The real problem with this work lies in his epistemology, which is shoddy beyond measure. To wit: "The texts of science have no meaning apart from what readers make out of them, yet -ironically - they aspire to be a transcript of the truth of nature, needing no interpretation." Historians and scientists alike may well be confused about many of the details of how science developed, but Secord is a reader who can make little sense of science. He seems to be at home in the emotional, blustering, and over-moralized world our ancestors lived in before they learned how to evaluate the world with some degree of objectivity (full objectivity is impossible, of course). This was the problem the 19th century set itself. The fact that this rationalism was carried too far does not mean it needs to be rejected in toto. I am old enough to remember the distortions of print culture and I find those fostered by electronic media and espoused by Mr. Secord to be no improvement. All symbolic systems distort. The current obsession with cultural relativism is no more than an unconscious mimicry of habits encouraged by television, which favors rhetoric (he said-she said) over objectivity. Mr. Secord and his ilk consider themselves to be on the cutting edge of historical criticism when they really represent a new orthodoxy fostered by television. Secord is hardly the chief offender here. He retains both a readable style and knowledge of how to gather and evaluate evidence. He would be a better historian if he would rid himself of his philosophical pretensions.

The Evolution of Evolution
Helpful Votes: 6 out of 8 total.
Review Date: 2002-01-13
As Henry Drummond noted in 1883, "This is the age of the evolution of Evolution. All thoughts that the Evolutionist works with, all theories and generalizations, have themselves evolved and are now being evolved."
This remarkable work on the Vestiges of Robert Chambers is itself a history of the evolution of evolution, describing in wonderful detail the context of a book that perfectly fits Drummond's description. Springing from eighteenth century intimations, first theorized by Lamarck, the idea of evolution finally bursts into public consciousness with Chambers' Vestiges, whose sudden popularity, if not notoriety, made it one of the first modern bestsellers in an age of technological breakthroughs in communications, transport, and printing.
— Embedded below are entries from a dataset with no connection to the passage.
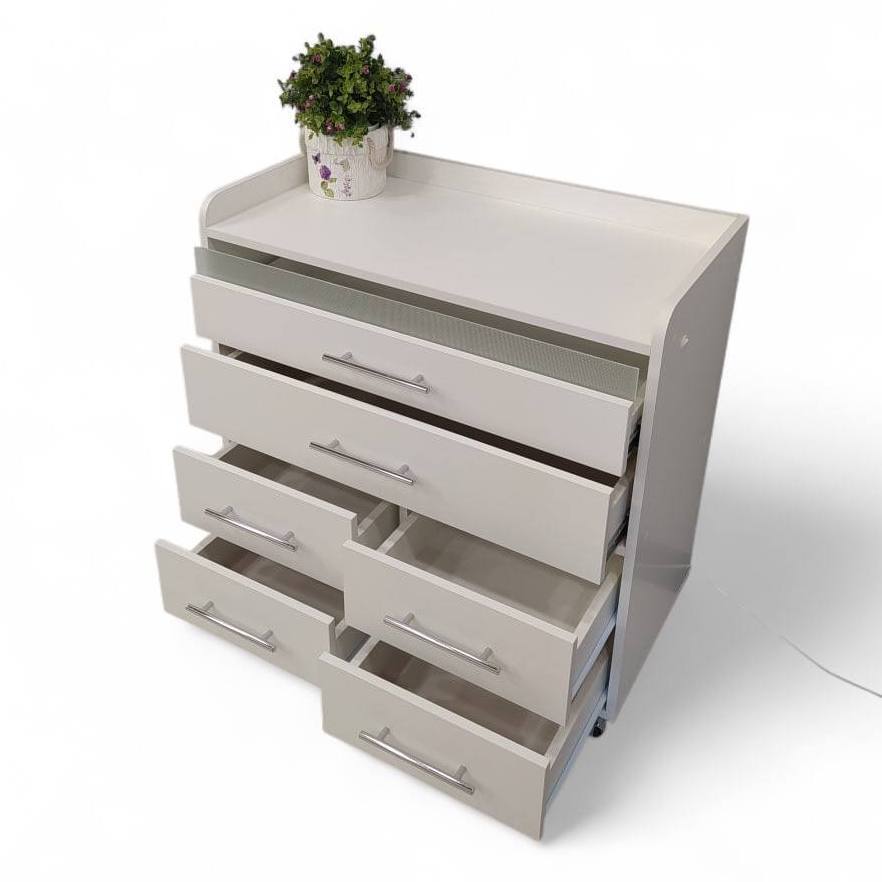 Металлические рейлинг ручки придают тумбе современный внешний вид и делают её более износостойкой. Колеса с фиксаторами позволяют свободно перемещать изделие по салону и надежно фиксировать его на месте при работе.
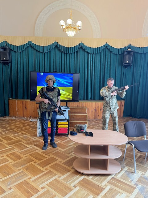 25 травня 2023 року інструкторами відділення рекрутингу та комплектування Шевченківського районного у місті Києві територіального центру комплектування та соціальної підтримки були проведені відкриті профорієнтаційні уроки «Захисту України» для учнів 9-10 класів гімназії №48.
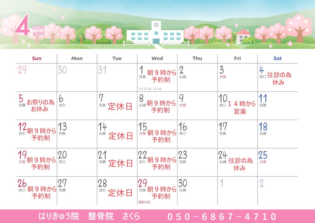 いつもありがとうございます。4月はお祭りがあるので、5日はお休みです。10日は14時から施術をさせて頂きますのでよろしくお願い致します。
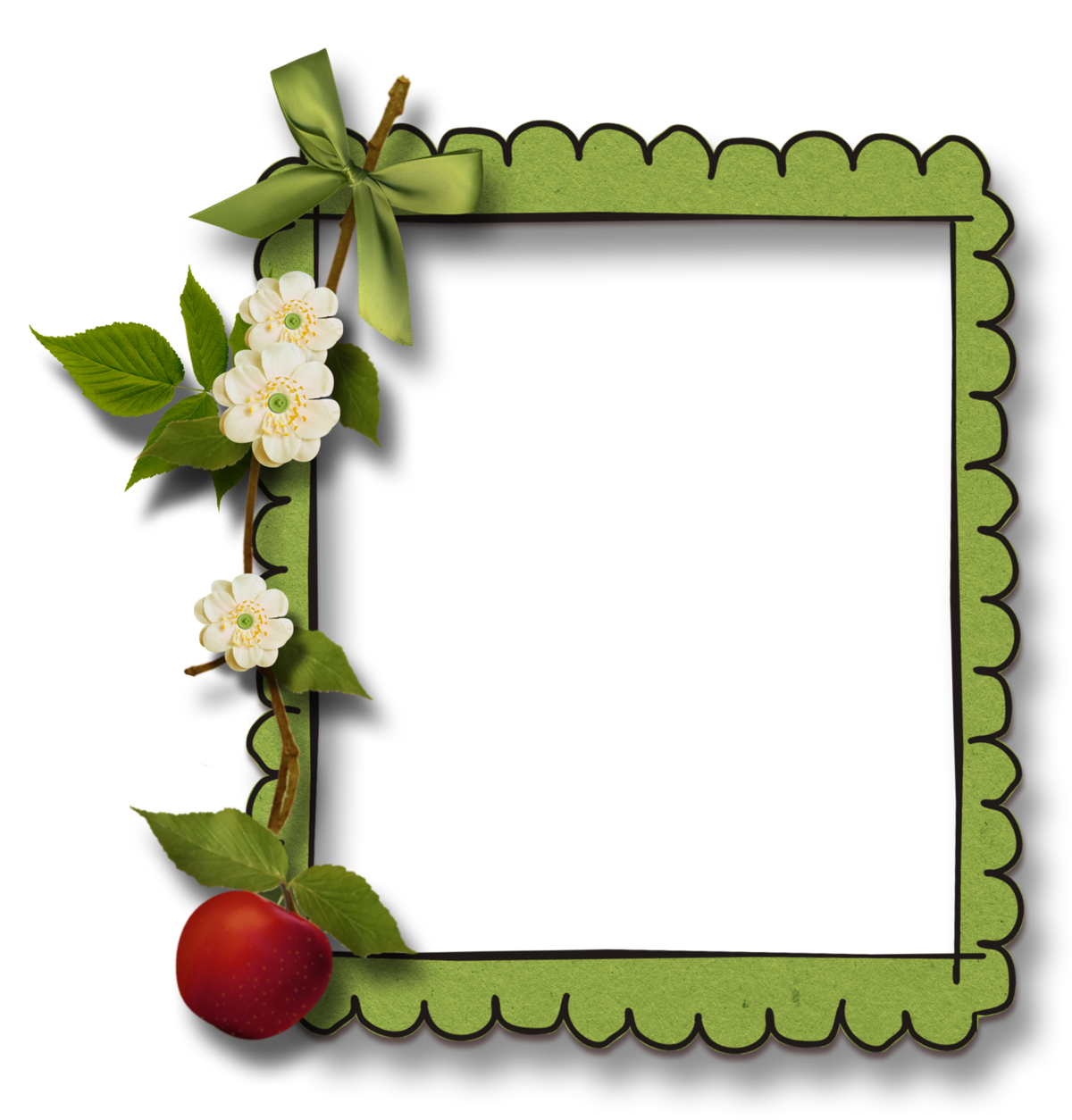Green photo frame with flowers and butterflies

Laying the groundwork for laters theories, it nonetheless is too often dismissed as pseudo-scientific when, in fact, the author was aware of certain aspects of the pre-Darwinian ideas of evolution that only now are resurfacing, after being shunted aside by the Darwin tide to come. The account in this work is an engaging hybrid of cultural history mixed into the biography of Chambers' book, and is useful for the student of evolution in its account of the social relations of science, from the gentleman scientist to the grub street popularizers, and indirectly brings to life the later relationship of Huxley to Darwin. The age of Darwin in which we live has made him the sole authority and source of a science of evolution and this distorts the facts, and has obscured the reputation of this and other books. Indeed part of the confusion over selectionist theories sprang from the need for Darwin to artificially separate himself from previous ideas of evolution, by a novelty of claims, since the idea of evolution had seen its foundations laid. It is good to remember the full tale. The reality is that Vestiges was the first thunderclap of the evolutionary idea, whose correct intimations mixed with much speculative confusion were filtered out of the positivist account of Darwin, that provoked its own firestorm of reactions, for not the least reason that it was as evolutionary as the work of Chambers, and did not truly foot the bill for a theory of descent.